Supervising online use
Please remember the importance of supervising your child’s online usage.
Basic guidelines for parental supervision:
- Spend time online together to teach your kids appropriate online behavior.
- Keep the computer in a common area where you can watch and monitor its use, not in individual bedrooms. Monitor any time spent on smartphones or tablets.
- Bookmark kids' favorite sites for easy access.
- Check your credit card and phone bills for unfamiliar account charges.
- Find out what, if any, online protection is offered by your child's school, after-school center, friends' homes, or any place where kids could use a computer without your supervision.
- Take your child seriously if he or she reports an uncomfortable online exchange.
Facebook and photo-sharing site Instagram both require users to be at least 13 years old before they can create an account. Creating a Facebook account with false info is a violation of Facebook's terms, including accounts registered for someone under 13.
Twitter, the site where users post messages and tweets in 140 characters, says you must be at least "13-years-old to use its services".

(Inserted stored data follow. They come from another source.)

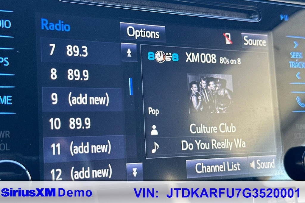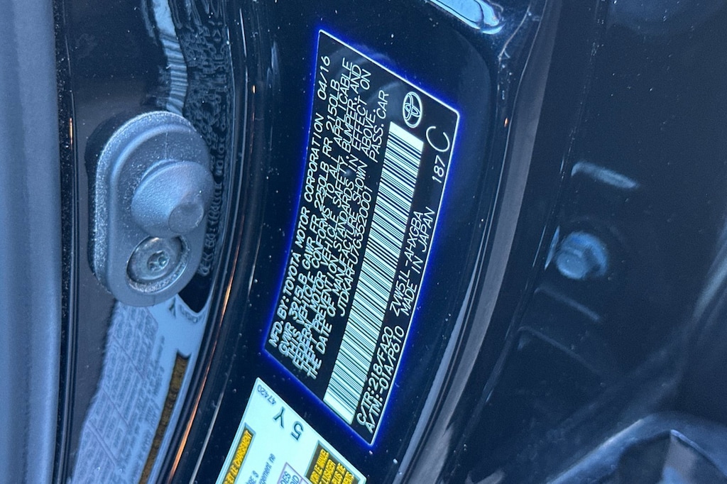 ABS brakes, Alloy wheels, Electronic Stability Control, Heated door mirrors, Illuminated entry, Low tire pressure warning, Remote keyless entry, Traction control. ABS brakes, Alloy wheels, Electronic Stability Control, Heated door mirrors, Illuminated entry, Low tire pressure warning, Remote keyless entry, Traction control, 4-Wheel Disc Brakes, 6 Speakers, Air Conditioning, AM/FM radio: SiriusXM, Automatic temperature control, Brake assist, Bumpers: body-color, CD player, Delay-off headlights, Driver door bin, Driver vanity mirror, Dual front impact airbags, Dual front side impact airbags, Exterior Parking Camera Rear, Fabric Seat Trim, Four wheel independent suspension, Front anti-roll bar, Front Bucket Seats, Front Center Armrest, Front reading lights, Fully automatic headlights, Knee airbag, Occupant sensing airbag, Outside temperature display, Overhead airbag, Overhead console, Panic alarm, Passenger door bin, Passenger vanity mirror, Power door mirrors, Power steering, Power windows, Radio: Entune Premium Audio w/Navigation/App Suite, Rear anti-roll bar, Rear seat center armrest, Rear window defroster, Rear window wiper, Speed control, Split folding rear seat, Steering wheel mounted audio controls, Telescoping steering wheel, Tilt steering wheel, Trip computer, Variably intermittent wipers, and Wheels: 6.5J x 15" 5-Spoke Aluminum Alloy.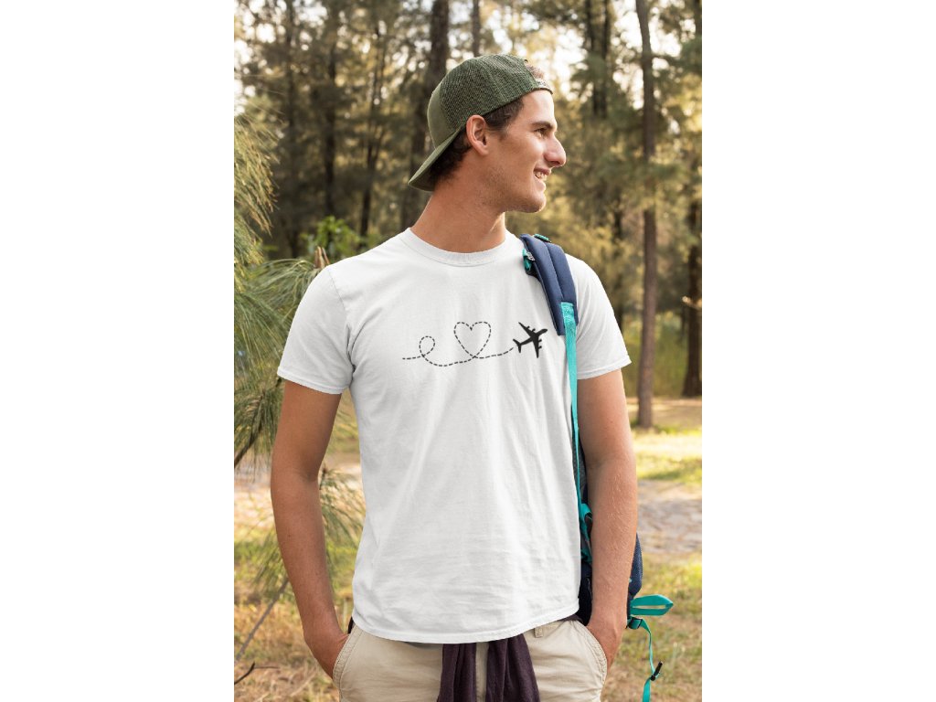 Pánské tričko pro vášnivé cestovatele Letadlo srdce v bílé barvě. Darujte tričko svému cestovateli. Triko s potiskem je originální a vtipný dárek.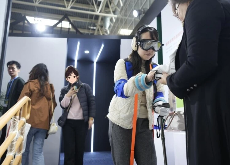 现场还设置了高龄长者体验装备区。参观者戴上设备后,可切换至“长辈视角”,直观感受视线模糊、行动迟缓带来的不便,从而深入理解全场景适老设计的必要性。

At first Snapchat, which allows people to post videos and photos for 10 seconds before they disappear, restricted anyone under the age of 13 from using their site.

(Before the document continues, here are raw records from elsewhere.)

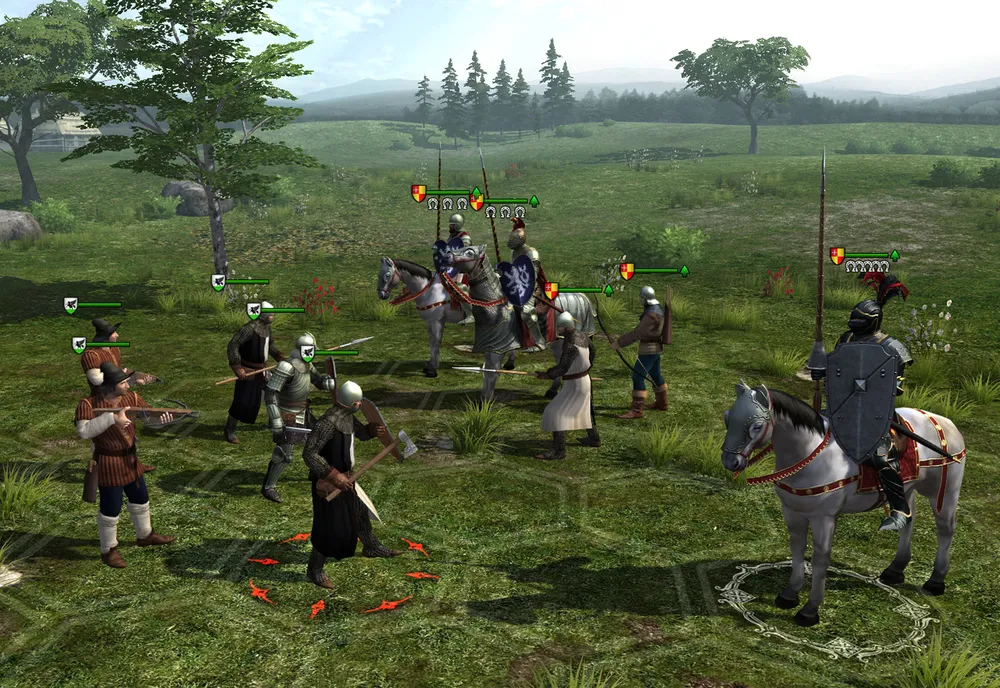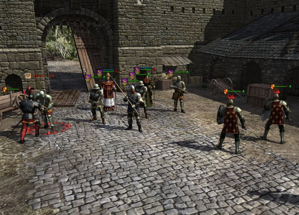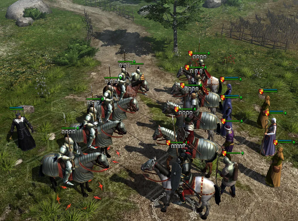 Пересечён брод, таверна уже совсем рядом, как вдруг на встречу отряда сэра Найджела выехал более многочисленный конный отряд, а следом, из заставы, появились копейщики. Какие-то нахалы осмеливаются лишить усталых путников доброй кружечки пива?! Так вот же вам!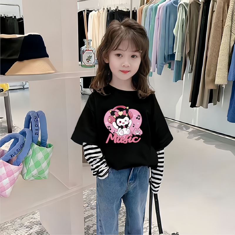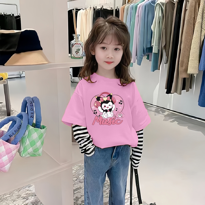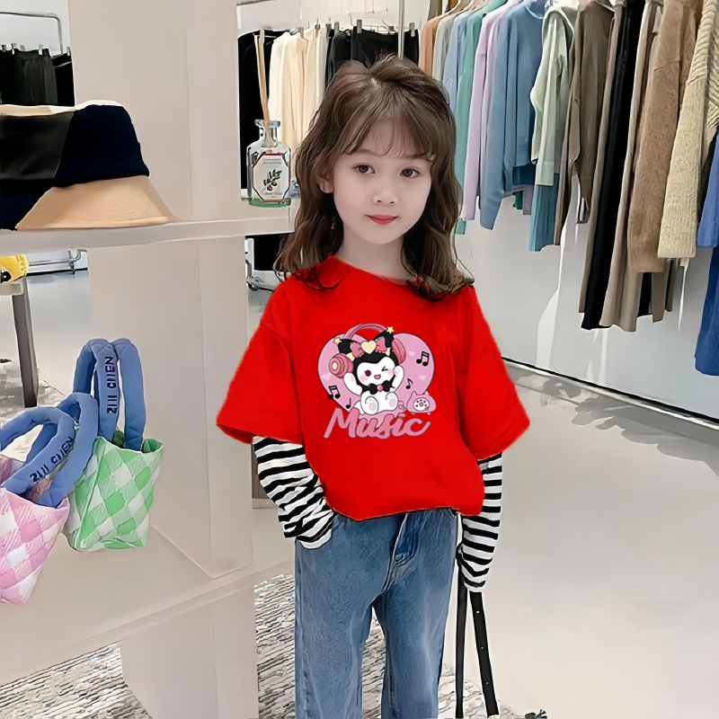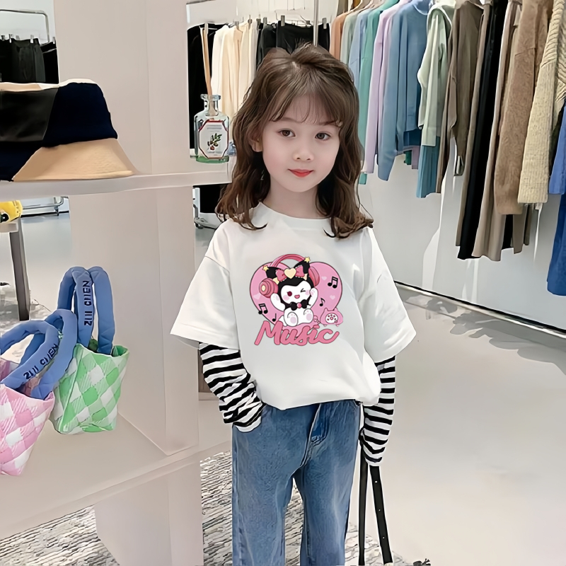 T恤儿童假两件上衣 女宝宝洋气库洛米长袖 女童春秋纯棉打底衫 新款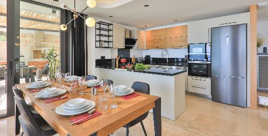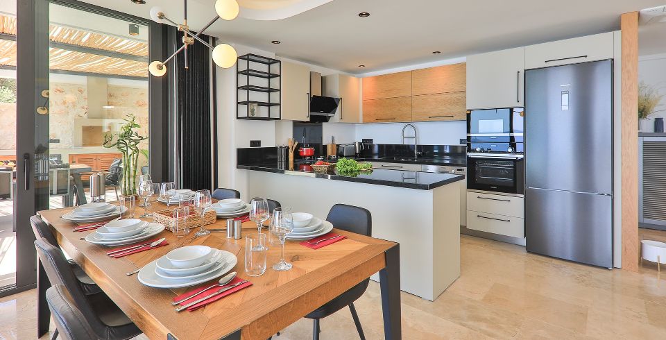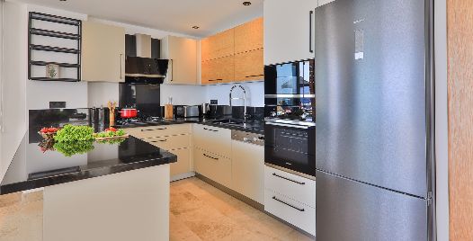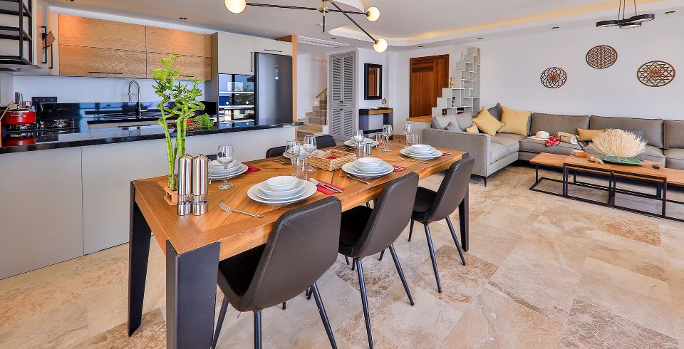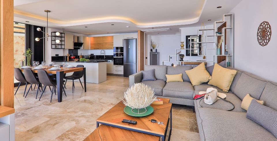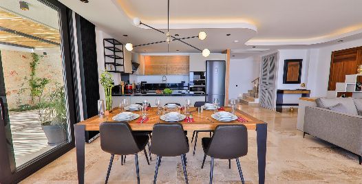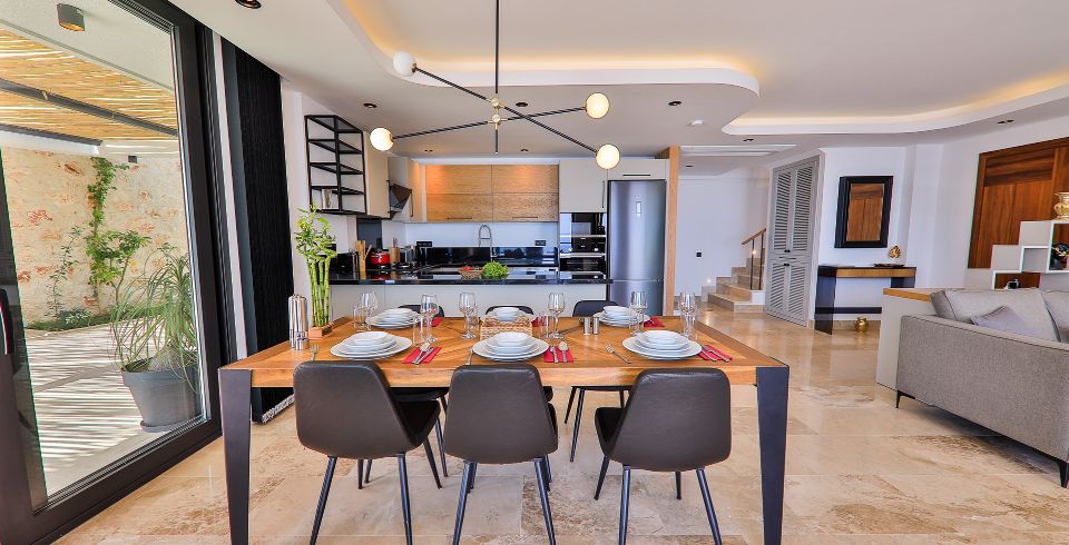 Mutfak : Amerikan mutfak bulunmaktadır. Mutfakta mikrodalga fırın, bulaşık makinası, ankastre fırın, buzdolabı, çamaşır makinası, ankastre 4’lü ocak, elektrikli su ısıtıcı kettle, ekmek kızartma makinası, tencere ve tava takımı, 8 kişilik yemek takımı, kaşık ve çatal seti ve bardaklar bulunmaktadır. Mutfak havuz katındadır.

It then introduced a limited version of the app for under 13s - called SnapKidz - which allows photos and drawing but not sending messages. Users aged under 13 are redirected to Snapkidz.

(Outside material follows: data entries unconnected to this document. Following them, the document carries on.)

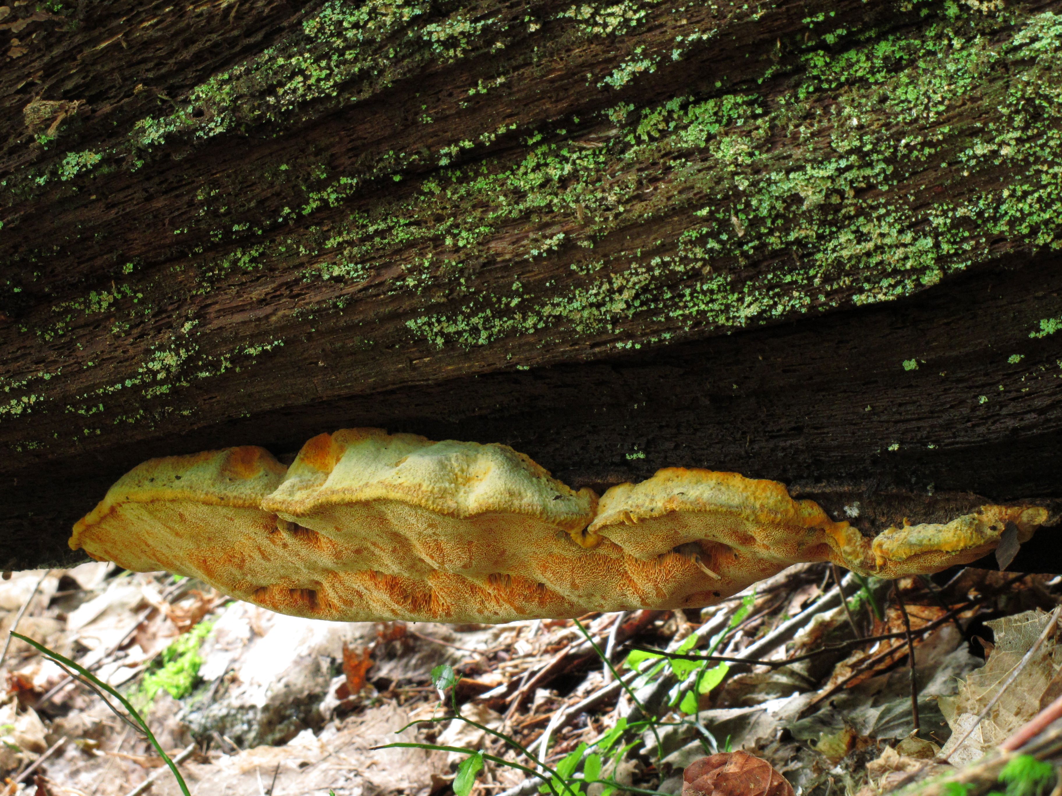 Safrankjuke Aurantiporus croceus har store fruktlegemer med livlige gule til oransje farger. Her er den funnet vest for Siljufjellet i Drangedal.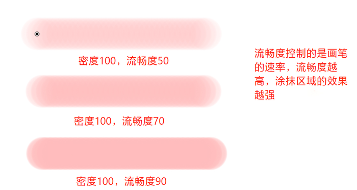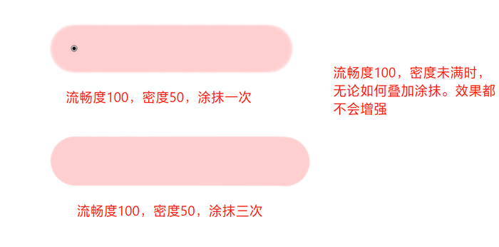 流畅度是控制画笔的压力,密度是控制画笔的浓度,这两个一起控制控制了画笔作用的不透明度,也就是指涂抹区域的效果的强弱。密度决定了产生某种效果的最大值,流畅度是每一次涂抹产生的效果值。例如流畅度50,密度100,涂抹一次就有35%左右的效果(图1),涂抹三次就可以达到全部效果。但和流畅度100,密度50(图2),无论你涂抹多少次只能达到50%的效果。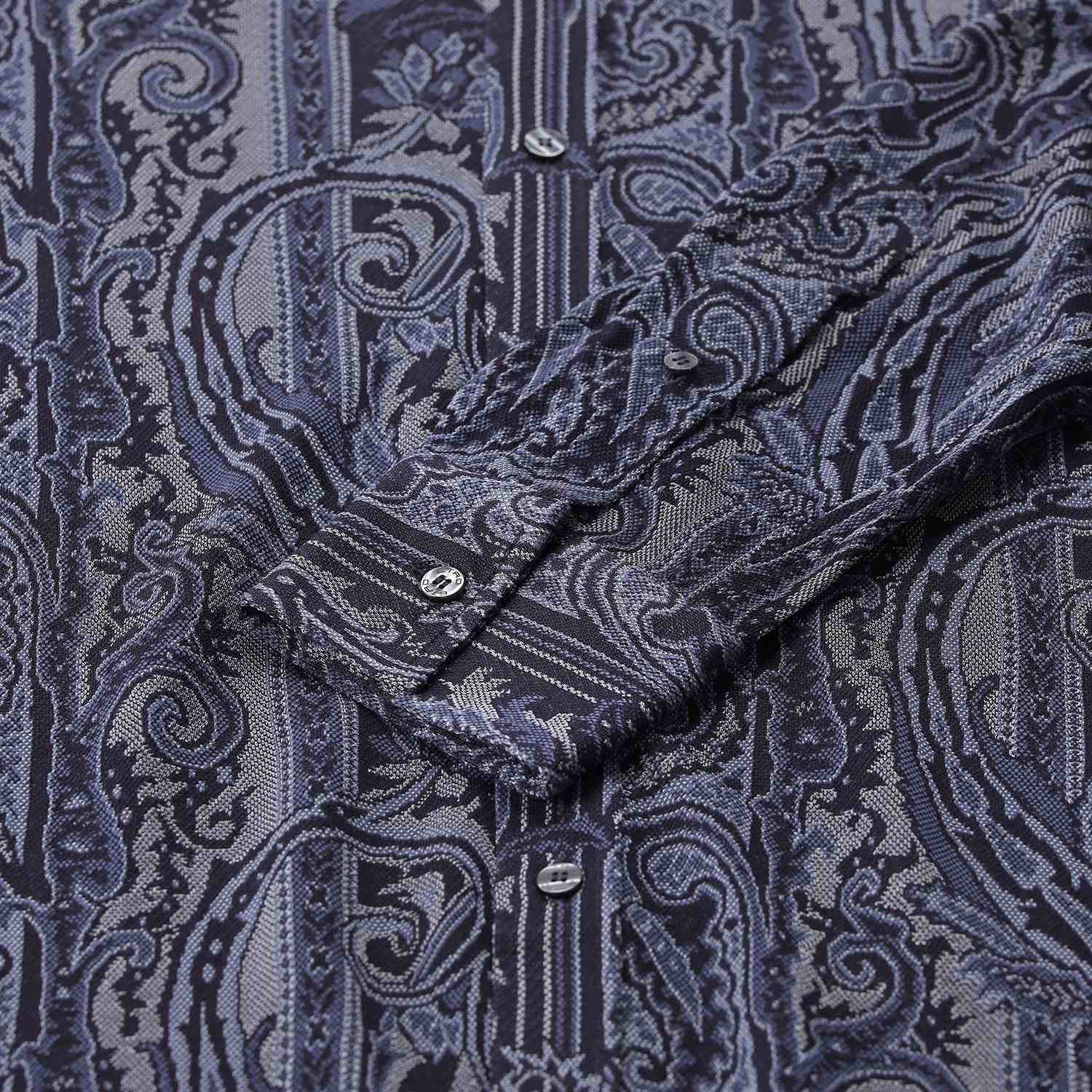 Dieses Hemd mit dem detailreichen Paisley-Muster verleiht dem Modell eine künstlerische Tiefe und eine unverwechselbare Identität. Klassisch abgerundet durch einen präzisen Kragen und eine durchgehende Knopfleiste, besticht das Hemd durch seine erstklassige Materialqualität und Passform.

The minimum age for the mobile phone messaging app WhatsApp is 16-years-old.
YouTube requires accounts holders to be aged 18 and over, and also restricts much of its content to over 18s, but it will also allow a 13-year-old to sign up with their parent's permission.
Reduce the risk. The UK Council for Internet Safety has guidance on minimising children’s exposure to risks online. The UK Safer Internet Centre with Childnet International has specific guidance on under 5s.
Talk to your child. Childnet has guidance for parents and carers to begin a conversation about online safety and Ditch the Label teacher resources that can be helpful for parents to discuss cyberbullying and the government also has helpful advice. Encourage your child to speak to you or a trusted adult if they come across content that makes them uncomfortable.